AdaptiveCpp integration?

Hi all,

I’ve recently started looking at AdaptiveCpp for some of my C++ work, and‌ I’m starting to get a feeling that this would be an excellent fit for Julia’s GPGPU.

For those who don’t know, AdaptiveCpp, formerly known as hipSYCL, is a SYCL single-pass compiler and runtime with support for several backends, including OpenMP (for native execution on CPU), CUDA, HIP/ROCm, OpenCL and Level Zero/OneAPI. It even supports building CUDA and HIP code directly.

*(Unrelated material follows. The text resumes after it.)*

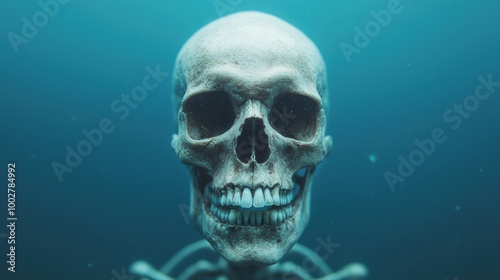Underwater Skeleton in Mysterious Blue Waters

Even though its primary modus operandi is as a single-pass compilers, for kernels this generally produces only an IR that is finalized (and cached) at runtime depending on the specific backend and execution environment.

Although I don’t have in-depth knowledge of the Julia (or acpp) internals, I was inevitably led to draw a parallel (eh) with the Julia AOT compilation, and suspect that the two would fit each other rather well. My understanding is that at the moment SYCL support in Julia is mainly via OneAPI.jl, and there are separate packages to interface with CUDA, HSA, AMD ROCm. The new version of the OpenCL.jl package featuring support for Native Julia kernels is also at adds with the primary proprietary OpenCL platforms (NVIDIA and AMD) due to their lack of support for SPIR-V —something that acpp works around by transpiling the IR of its kernels to something that can be fed to the respective platforms.

I was wondering: is perchance anybody working on interfacing Julia with AdaptiveCpp? I feel like this could help bring the GPGPU support in Julia towards a more homogeneous interface.

(P.S. I wanted to tag this as sycl but apparently there isn’t a tag for that yet?)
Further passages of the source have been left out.